The FEEL of the car though was transformed as instead of getting a lump of torque and then nothing, you got most of the torque all the way to the increased 5500rpm redline. Everyone who sat in the passenger seat felt the car was crazy-fast when it really wasn't. It's just their butt-dyno was lying to them.

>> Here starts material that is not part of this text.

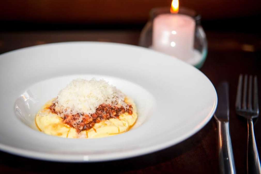 Modo de servir: Sirva a polenta coberta com o ragu e bastante queijo grana padano.

If you want a pub-pissing-contest car, don't get a TDi. If, on the other hand, you want a very sensible ownership proposition that fools you into thinking you're going faster than you are, get a mapped TDi.


----------



## alanlew (Jan 25, 2013)

.


----------



## mwad (Oct 11, 2013)

Blanchie said:


> thats brave on here at the moment! [smiley=hanged.gif]
> prepare for much TDi slagging lol
> 
> seriously though, mine was pulling early 6's to 60, if i could get the second to third gear change right lol
> ** bracing for the Tdi greaf ** hahahahah :roll:


Lol.

Judging by other posts similar to this I would expect 0-60 in about 3 seconds  
0-100 quicker than a TTRS :twisted:


----------



## TT20TDI (Oct 12, 2013)

Let's play nice here - I might be wrong here but sub 7 seconds 0-60 isn't that bad is it for an oil burner, can someone explain torque to me & what effect it has.


----------



## TT20TDI (Oct 12, 2013)

whats a butt dyno ?


----------



## TT20TDI (Oct 12, 2013)

The FEEL of the car though was transformed as instead of getting a lump of torque and then nothing, you got most of the torque all the way to the increased 5500rpm redline. Everyone who sat in the passenger seat felt the car was crazy-fast when it really wasn't. It's just their butt-dyno was lying to them.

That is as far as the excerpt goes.